Antigen epitope-TLR7/8a conjugate as self-assembled carrier-free nanovaccine for personalized immunotherapy.

Epitope-based vaccine is a promising personalized cancer immunotherapy; however, a simple and effective approach for its bulk manufacturing is challenging. Current vaccination strategies complicate the process by introducing unnecessary components such as additional delivery carriers, and assembly units. Herein, a type of toll-like receptor 7/8 agonist-epitope conjugate (termed as TLR7/8a-epitope) has been developed as a self-assembled and carrier-free nano vaccine platform, which effectively introduces the antigen and adjuvant with maximum precision, resulting in significantly enhanced dendritic cells (DCs) activation through the MyD88-dependent TLR signaling pathway. TLR7/8a-epitope nanovaccine can prolong the local retention and increase drainage efficiency into the lymph node, eliciting a significantly higher level of CD8 T-cell immunity than those of conventional vaccine formulations. The immunization with TLR7/8a-epitope nanovaccine in mice can not only resist the invasion of B16 cancer cells, but also produce significant therapeutic effects against established B16 melanoma tumors.

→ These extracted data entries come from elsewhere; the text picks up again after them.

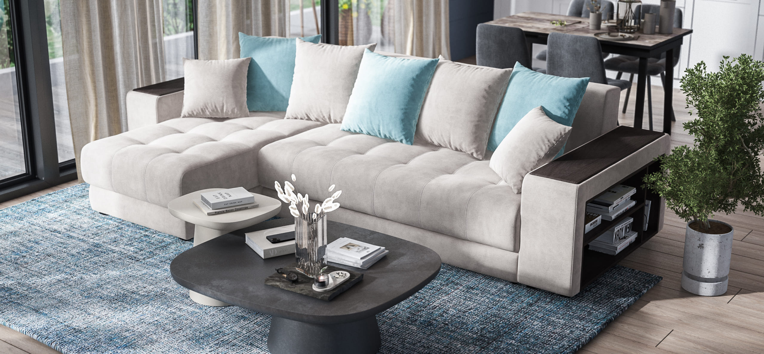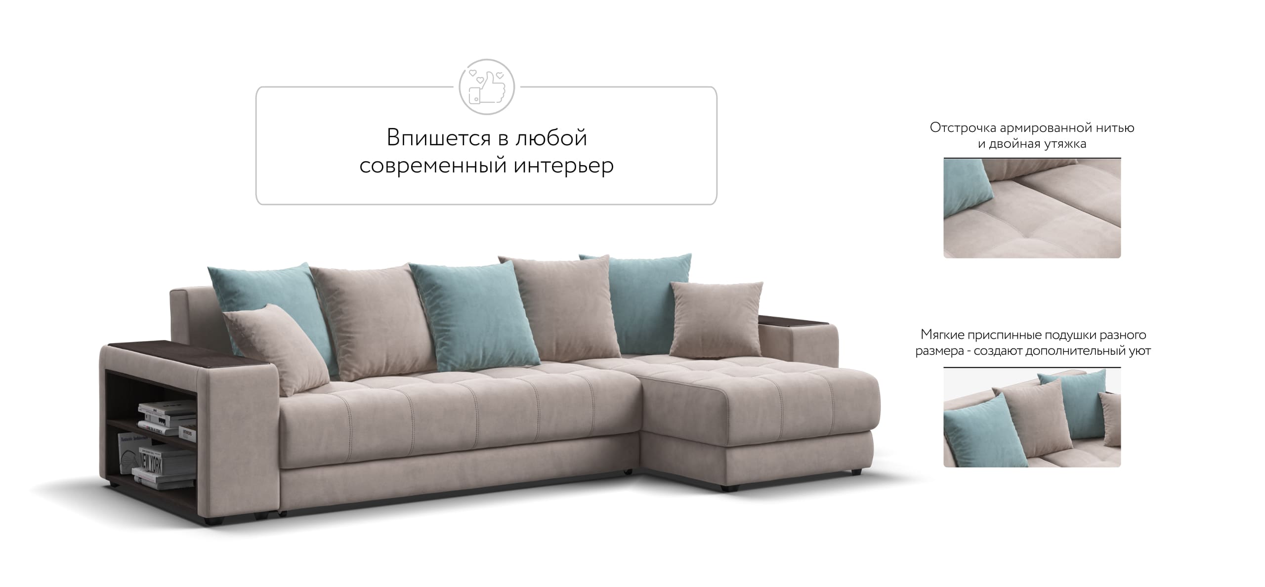 Просторный и очень удобный угловой диван Дубай станет стильным акцентом в Вашей гостиной и любимым местом для отдыха в кругу семьи и друзей. Его широкое сиденье и мягкие подушки с комфортом разместят даже большую компанию.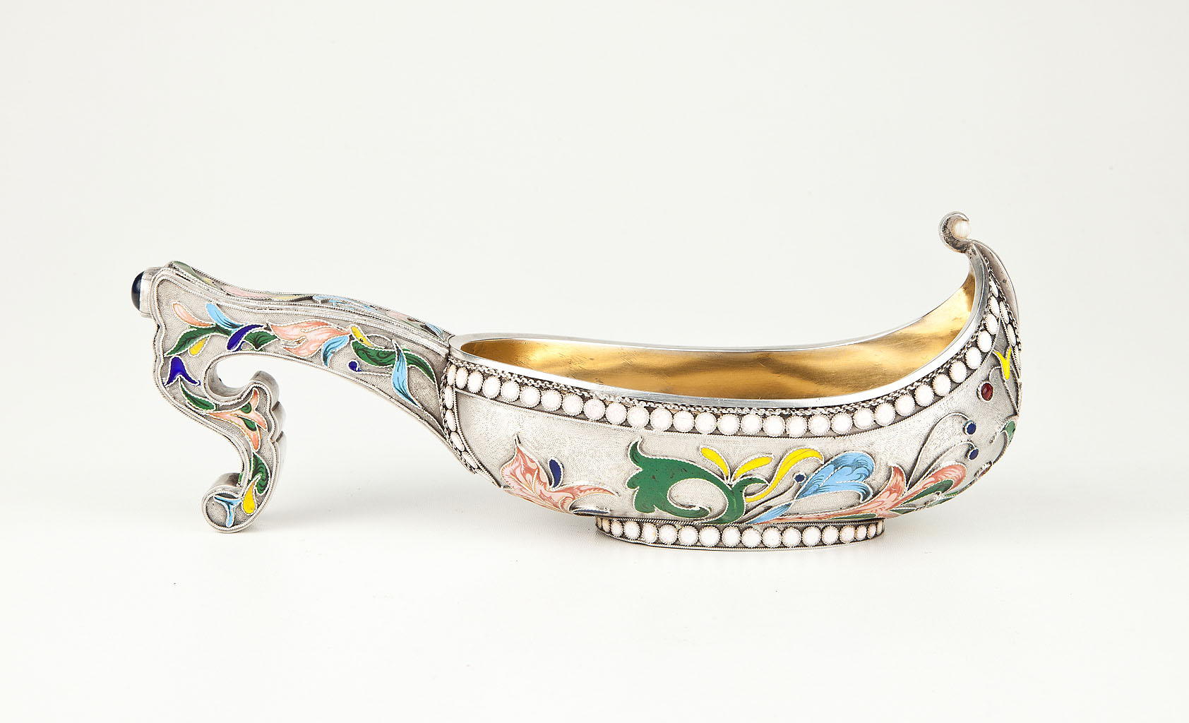 srebro pr. 84, częściowo złocone, emalia komórkowa / wys. 7,5 cm, dł. 21 cm, szer. 7,5 cm; waga 344 g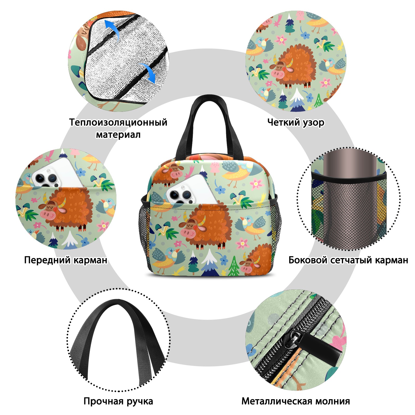 <p>This stylish lunch bag is made of premium 600D waterproof Oxford cloth with thick insulating pearl foam lining and smooth, durable zippers, combining an attractive look with long-lasting daily use. Measuring 9.8*6.7*8.7, it offers ample space with a main zippered compartment and a front pocket to organize containers, food and snacks neatly for easy access. Boasting an extra-thick aluminum foil lining and heat-welded seams, it delivers reliable leak-proof performance and strong insulation to keep food hot or cold for hours, ideal for sandwiches, salads, fruits and more. Lightweight and portable with a sturdily stitched upgraded handle, this reusable lunch bag is a perfect companion for work, camping, picnics, beach trips and outdoor travel, helping you enjoy fresh homemade meals on the go.</p>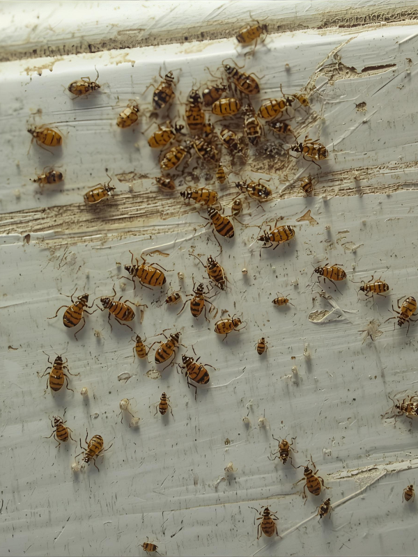 They can hide behind baseboards, headboards, electrical switch plates, picture frames, even wallpaper. Once fertilized, a female will lay 5-6 eggs per day (That’s 300-500 lifetime). The eggs hatch into a nymph in 10-14 days.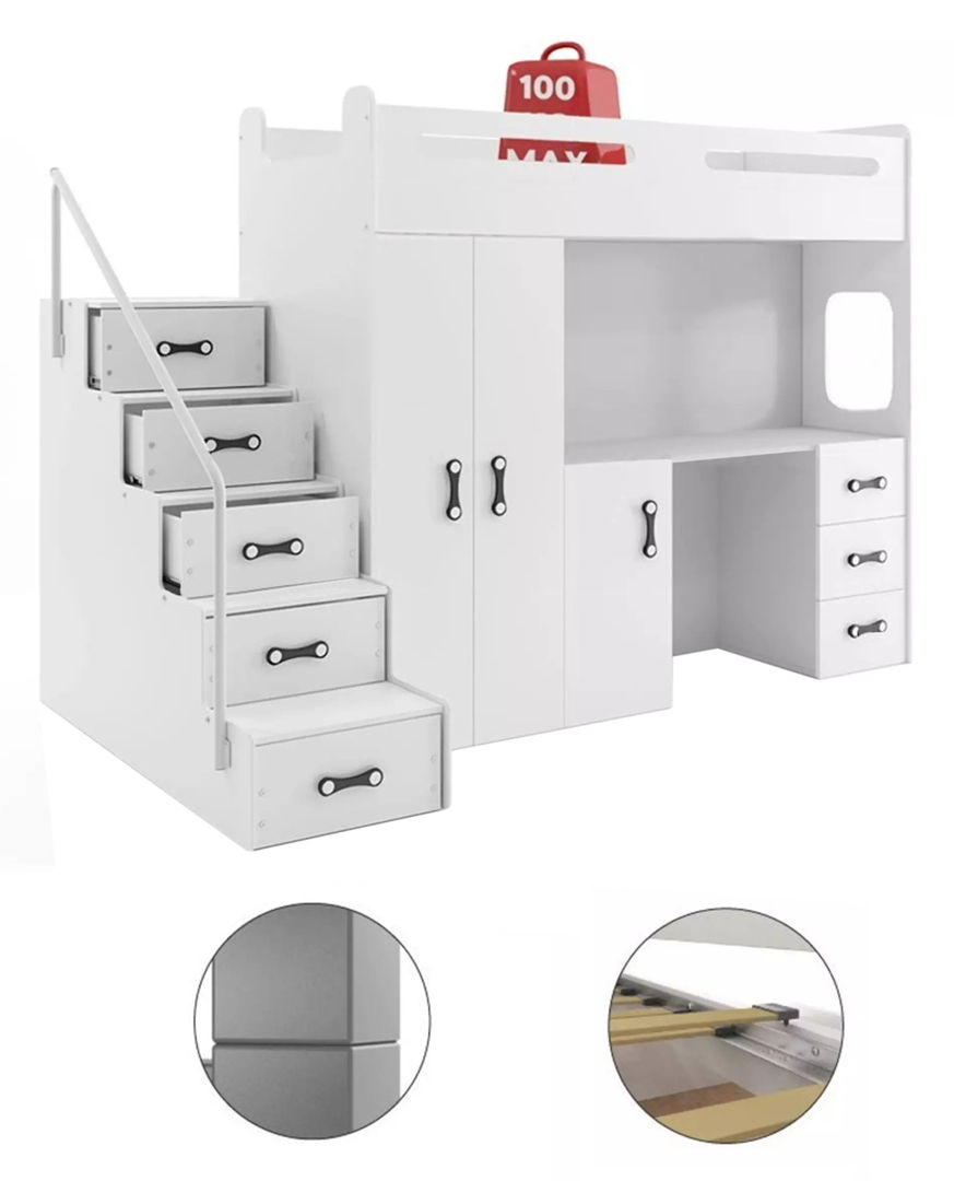 Mobila pentru copii MAX 4 este o soluție excelentă pentru toți cei care apreciază funcționalitatea, designul modern, precizia și calitatea manopera. Construcția stabilă garantează siguranță și confort pentru copilul dumneavoastră. Întreaga structură a patului este realizată din plăci MDF de înaltă calitate, în timp ce plăcile vopsite sunt din PAL.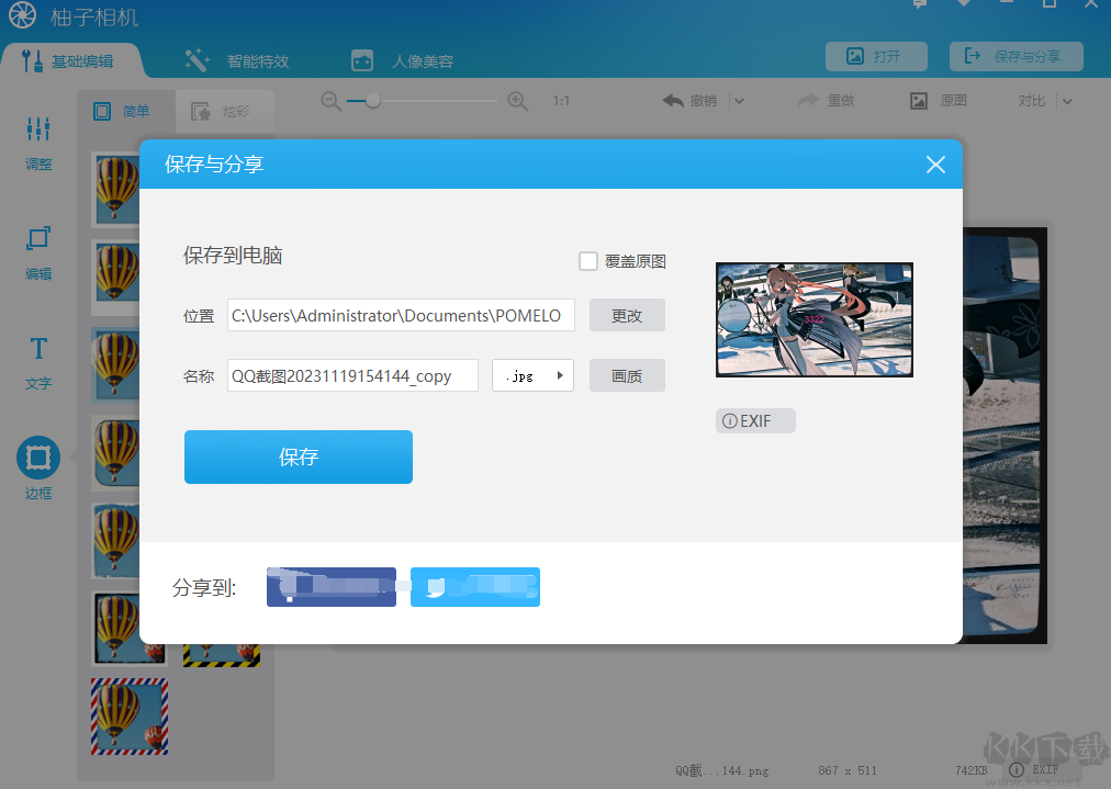 7、編輯完成之后點(diǎn)擊右上角的保存到文件夾即可。

Therefore, the TLR7/8a-epitope nanovaccine, developed by the direct chemical conjugation of antigen peptide with immunoadjuvant, has great advantages of clear and leanest compositions, controllable and definite preparation process, and remarkable therapeutic effects, representing a new appraoch for personalized cancer immunotherapy. STATEMENT OF SIGNIFICANCE: Herein, a kind of toll-like receptor 7/8 agonist-epitope conjugate was developed and spontaneously self-assemble into nanostructure in aqueous solution without the use of any additional constituents, which can be termed as unique carrier-free nanovaccine platform, providing effectually the leanest vaccine components with maximally and precisely loading of antigen and adjuvant. Significantly, the nanovaccine augmented the immunogenicity of antigenic peptide by increasing DCs activation through MyD88-mediated TLR signaling pathways and promoting T-cell priming. Moreover, nanovaccines could prolong the local retention and further increase the efficiency of drainage into dLNs, which was contributing to efficient initiation of epitope-specific memory and effector T-cell immune responses, leading to effective prophylactic and therapeutic antitumor effects.